Mexico City has the best known production of cartonería, with markets such as La Merced, Jamaica and Sonora centers for its sale. Celaya is known for its production of cardboard and papier-mâché toys and masks, which begins in January and February in time for Carnival. Toys include "Prussian" helmets and swords and dolls whose arms and legs are movable which often have the name of the child painted on the chest. The masks represent clowns, devils, goats, witches, old people, sultans, monkeys and beautiful women. They are formed using clay, wood or plaster molds, and then decorated with paint and other materials for create details such as mustaches. The Cora indigenous population in Jesús María, El Nayar and Santa Teresa communities in Nayarit create papier-mâché masks for Holy Week, often to depict the Pharisees. These are generally placed in the river on Holy Saturday to dissolve as an act of purification.

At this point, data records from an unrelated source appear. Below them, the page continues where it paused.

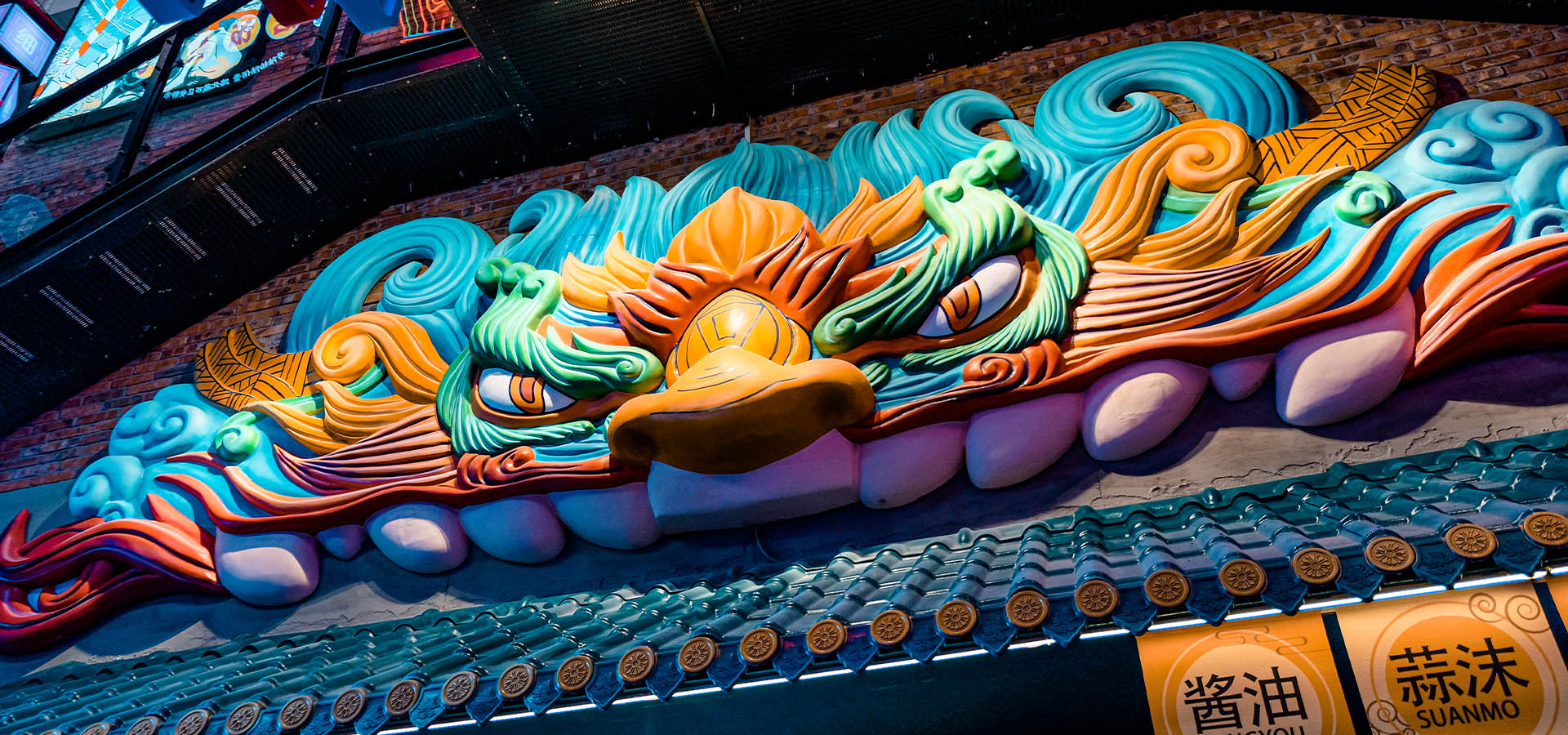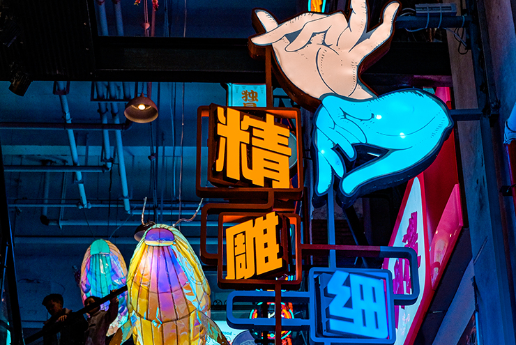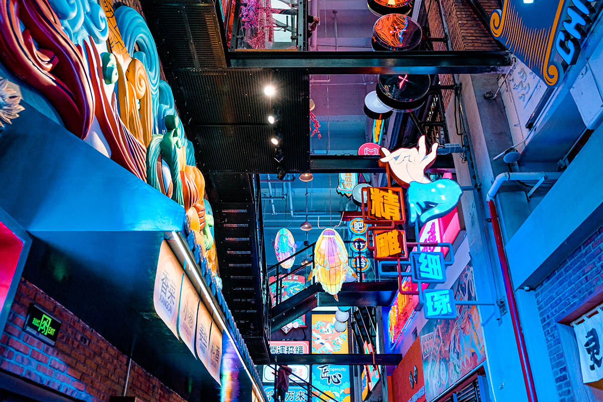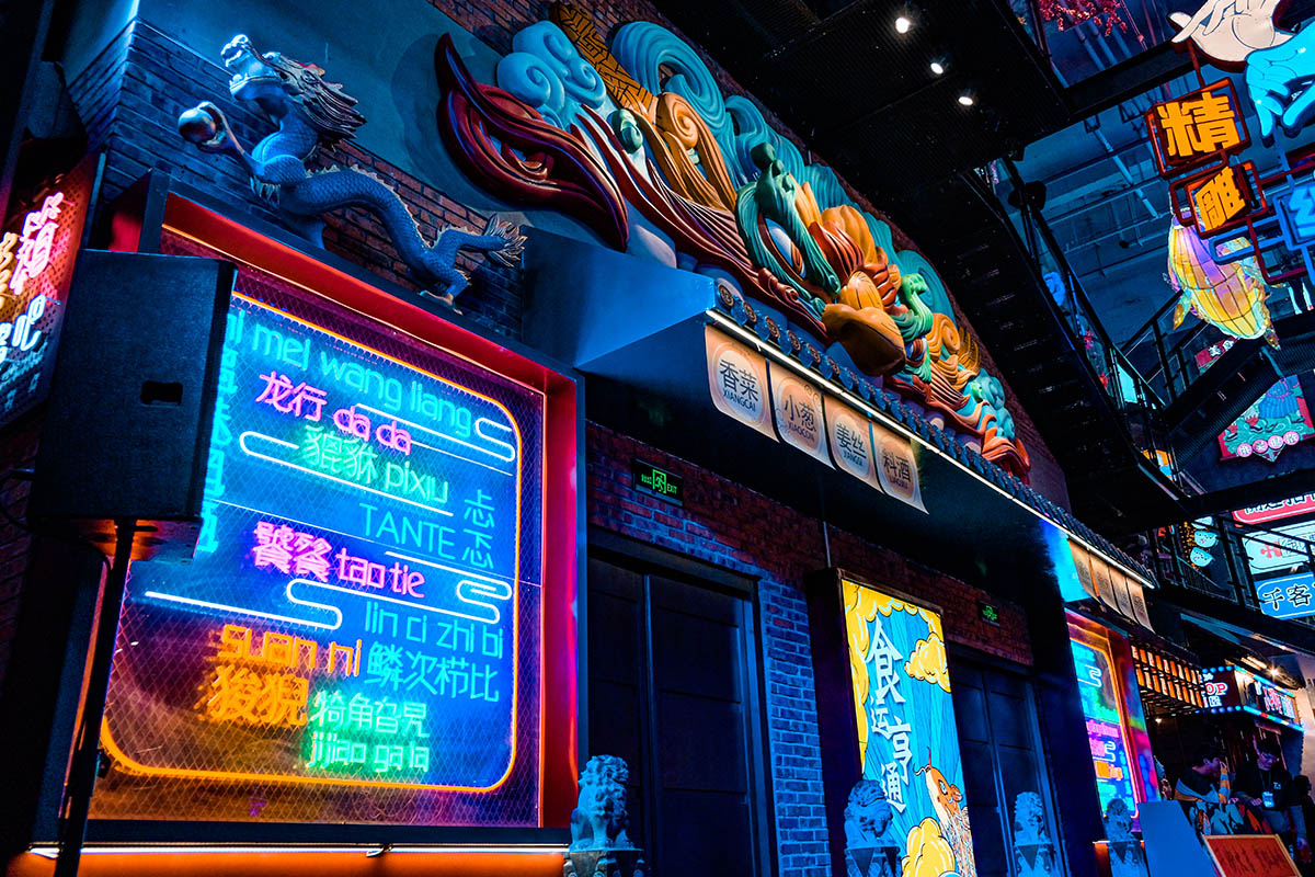 上海靜安大悅城,因獨(dú)特的屋頂摩天輪成為了魔都愛(ài)情城市地標(biāo),此次針對(duì)上海靜安大悅城霓虹街和未央街的改造升級(jí),將會(huì)引領(lǐng)購(gòu)物中心主題街的新的潮流風(fēng)向標(biāo)。我們引用饕餮、錦鯉等擁有中國(guó)文化烙印的元素,用藝術(shù)化手法將其形象有機(jī)的與空間結(jié)合在一起,打造了多個(gè)擁有非常奇幻色彩的全新節(jié)點(diǎn)。并且多維立體的將整個(gè)空間做了規(guī)劃,圍繞著夜間經(jīng)濟(jì)的消費(fèi),做了大量的氛圍提升。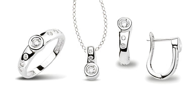 Elegantes Schmuckset aus 925er Silber mit Kette, Ring und Ohrringen. Besetzt mit weissen Zirkonia-Steinen.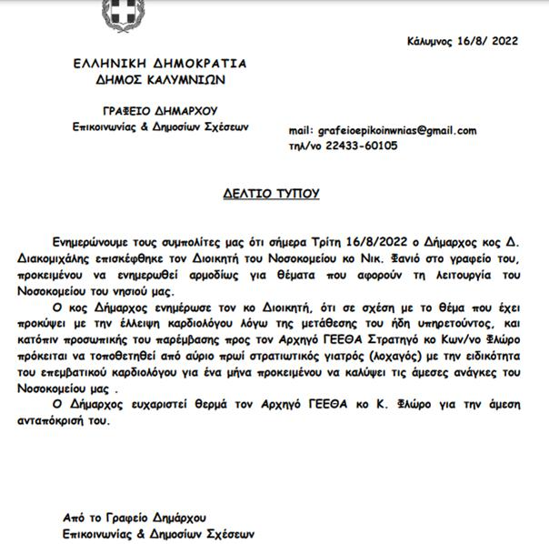 Αξιωματικός (ΥΙ) Στρατιωτικός ιατρός (βαθμός λοχαγού) ειδικότητας Καρδιολόγου , με απόφαση του Αρχηγού ΓΕΕΘΑ Κωνσταντίνου Φλώρου διατίθεται για ένα μήνα στο Νοσοκομείο Καλύμνου για την κάλυψη επιτακτικών αναγκών του . Η διάθεση του στο Νοσοκομείο Καλύμνου, ξεκινά από αύριο Τετάρτη 17 Αυγούστου 2022 και για 30 ημέρες. Ο εν λόγω ιατρός υπηρετεί σε στρατιωτική μονάδα της Ρόδου.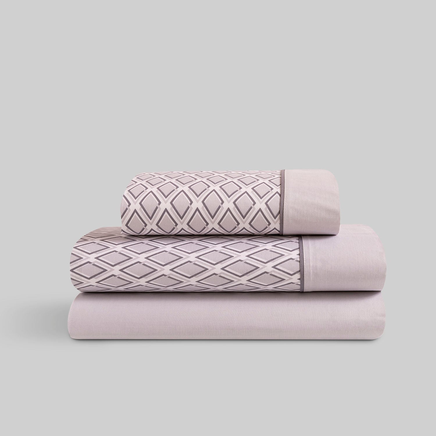 Si buscas un estilo sobrio, moderno y fácil de combinar, el Juego de Sábanas Taru en color gris es tu mejor opción. Su estampado geométrico de líneas punteadas sobre fondo blanco aporta un toque de diseño actual, mientras que la bajera en gris neutro le da ese aire sofisticado que encaja en cualquier dormitorio.

Cartonería work received a boost from the work of 20th century artisans such as Pedro Linares and Carmen Caballero Sevilla, who created more artistic works, reinventing traditional forms and creating new ones. These caught the attention of artists such as Diego Rivera and academics, creating a new market related to collectors. The Linares family remains internationally known for its creations, and has trained other artists such as Ruben Guzman in Oakland, CA. Despite its historic importance, fewer of the younger generations are dedicating themselves to the crafts as many of the areas known for it, such as Mexico City and Celaya, continue to urbanize. To counter this, cultural centers and institutions such as CONACULTA give workshops and sponsor events such as contests to keep the craft viable. The parish of San Pedro Apostol in Tepotzotlan has an annual event dedicated to promoting cartonería among youth in preparation for Day of the Dead. Creaturas de Papel, headed by Nancy Chávez and Gabriel Granados, is a workshop for cartonería in Tepotzotlan. Its work has been presented in venues such as the Popular Culture Museum of Toluca and at the Festival de las Almas in Valle de Bravo.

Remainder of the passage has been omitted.